Scenario 3 - Using XFF without a configured Trust List
X-Forwarded-For: 192.168.0.254, 192.168.0.200, 192.168.0.100
In this example, I have removed my trust list and again requested the web page hosted on the web server. As there is no trust list, X-Forwarded-For for IIS works differently and now inserts the entire X-Forwarded-For header into the W3C log c-ip field as well as the IP address of the server that passed the HTTP request to the IIS Web Server.

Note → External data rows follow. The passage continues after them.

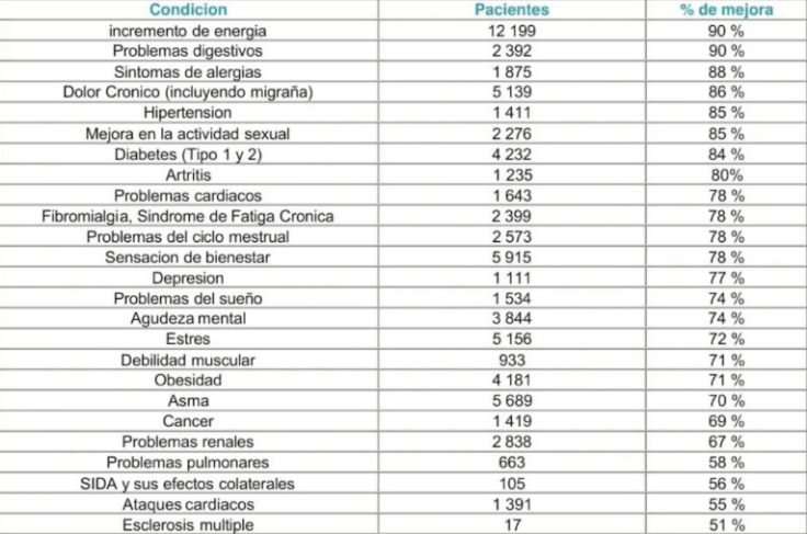 El porcentaje promedio de aquellos que expresan una mejoría significativa en su salud por el uso de Immunocal fue del 75%, este porcentaje es mayor en efectividad que muchas de las terapias convencionales utilizadas para el tratamiento de las mismas enfermedades.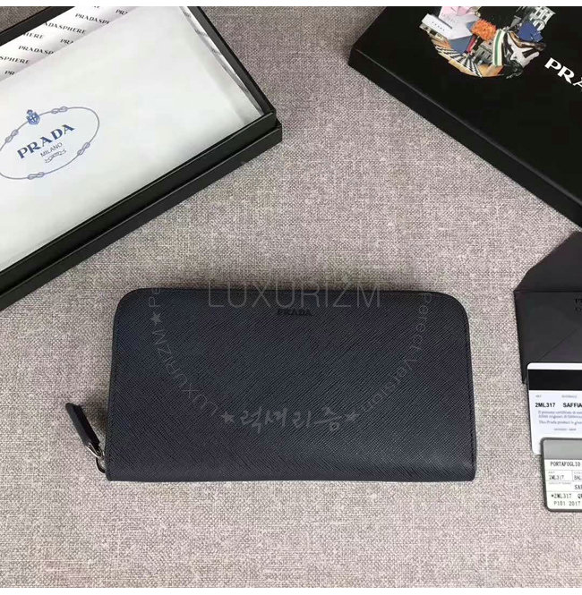 [스페셜오더]PRADA-2ML317 프라다 사피아노 가죽 히트 엠보싱 로고 블랙 지퍼 지갑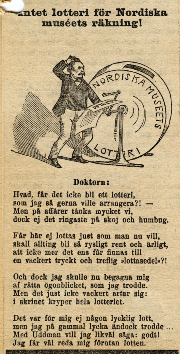 Skämtteckning / nidbild föreställande Artur Hazelius med ett lotterihjul. Rubriken lyder "Intet lotteri för Nordiska muséets räkning!"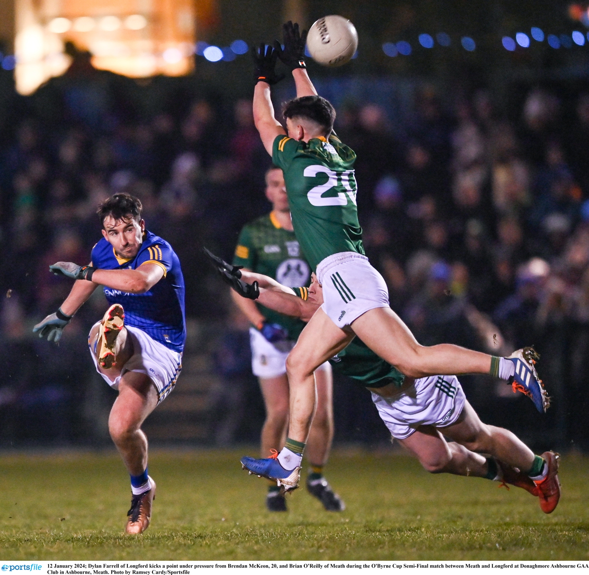 Caption: Dylan Farrell of Longford kicks a point under pressure from Brendan McKeon, 20, and Brian O’Reilly of Meath during the O'Byrne Cup Semi-Final match between Meath and Longford at Donaghmore Ashbourne GAA Club in Ashbourne, Meath. Photo by Ramsey Cardy/Sportsfile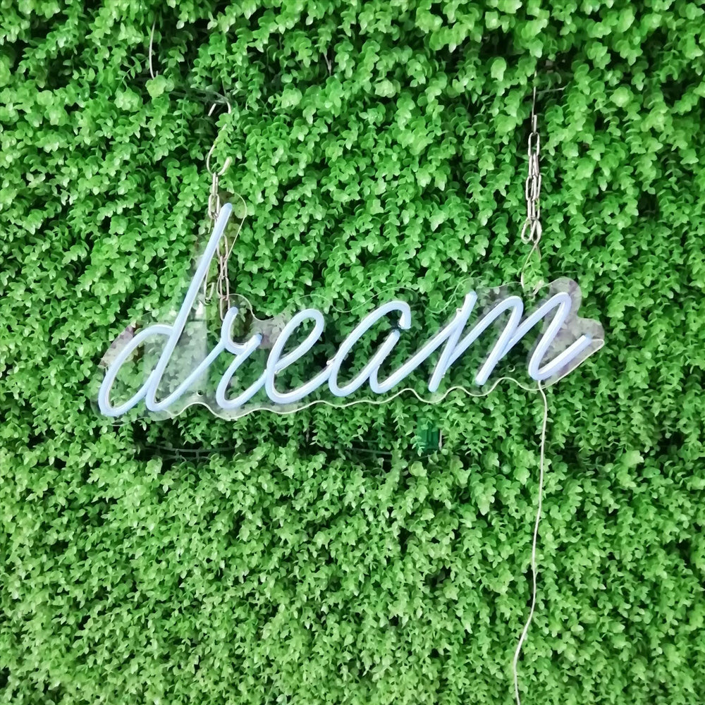 Illuminate your workspace with the "Dream" Neon Sign. This eye-catching sign will inspire you to chase your aspirations and make your dreams a reality. The bright neon lights create a captivating display that will elevate your environment. Add a touch of motivation to your space and let this sign be a reminder to always dream big.

#Software: Microsoft Internet Information Services 6.0 #Version: 1.0 #Date: 2008-09-09 16:46:54 #Fields: date time s-sitename s-ip cs-method cs-uri-stem cs-uri-query s-port cs- username c-ip cs(User-Agent) sc-status sc-substatus sc-win32-status 2008-09-07 16:37:24 W3SVC1 192.168.0.1 GET /Default.htm - 80 - 192.168.10.76,+192.168.0.254,+192.168.0.100,+192.168.0.200 Mozilla/ 4.0+(compatible;+MSIE+6.0;+Windows+NT+5.1;+SV1;+.NET+CLR+2.0.50727) 200 0 0
The X-Forwarded-For product suite provides your ISA firewall and IIS infrastructure with the same X-Forwarded-For implementation and logging functionality found in other competitive products. Winfrasoft has gone a step further to ensure that the security risks associated with this technology have been removed.
These two products, which can be installed independent of each other, will greatly enhance your abilities to track down HTTP and HTTPS requests and their benefits become very apparent when you are trying to analyze or detect malicious attacks. X-Forwarded-For for ISA Server and X-Forwarded-For for IIS also allow you to gather necessary data critical in your audit and compliance strategies.